By default, VACUUM skips the sort phase for any table where more than 95 percent of the table's rows are already sorted. Skipping the sort phase can significantly improve VACUUM performance. In addition, in the delete phase VACUUM reclaims space such that at least 95 percent of the remaining rows are not marked for deletion. Because VACUUM can often skip rewriting many blocks that contain only a few rows marked for deletion, it usually needs much less time for the delete phase compared to reclaiming 100 percent of deleted rows. To change the default sort threshold for a single table, include the table name and the TO threshold PERCENT parameter when you run the VACUUM command.
You can run a full vacuum, a delete only vacuum, a sort only vacuum, or a reindex with full vacuum.
We recommend a full vacuum for most applications where reclaiming space and resorting rows are equally important. It's more efficient to run a full vacuum than to run back-to-back DELETE ONLY and SORT ONLY vacuum operations. VACUUM FULL is the same as VACUUM. Full vacuum is the default vacuum operation.
VACUUM DELETE ONLY
A DELETE ONLY vacuum is the same as a full vacuum except that it skips the sort. A DELETE ONLY vacuum saves time when reclaiming disk space is important but resorting new rows is not. For example, you might perform a DELETE ONLY vacuum operation if you don't need to resort rows to optimize query performance.
VACUUM SORT ONLY
A SORT ONLY vacuum saves some time by not reclaiming disk space, but in most cases there is little benefit compared to a full vacuum.

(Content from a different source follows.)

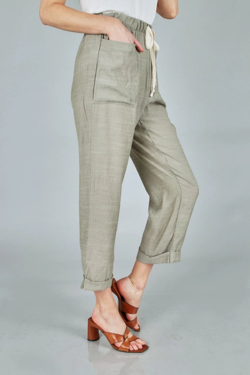 Elevate your wardrobe with our Textured Solid Woven Pants. The high waist and elasticized waistband with drawstring add comfort and style, perfect for any occasion. Crafted with a soft blend of rayon and poly, these pants are a must-have for your daily look.

Use VACUUM REINDEX for tables that use interleaved sort keys. REINDEX reanalyzes the distribution of the values in the table's sort key columns, then performs a full VACUUM operation. VACUUM REINDEX takes significantly longer than VACUUM FULL because it needs to take an extra analysis pass over the data, and because merging in new interleaved data can involve touching all the data blocks.
If a VACUUM REINDEX operation terminates before it completes, the next VACUUM resumes the reindex operation before performing the vacuum.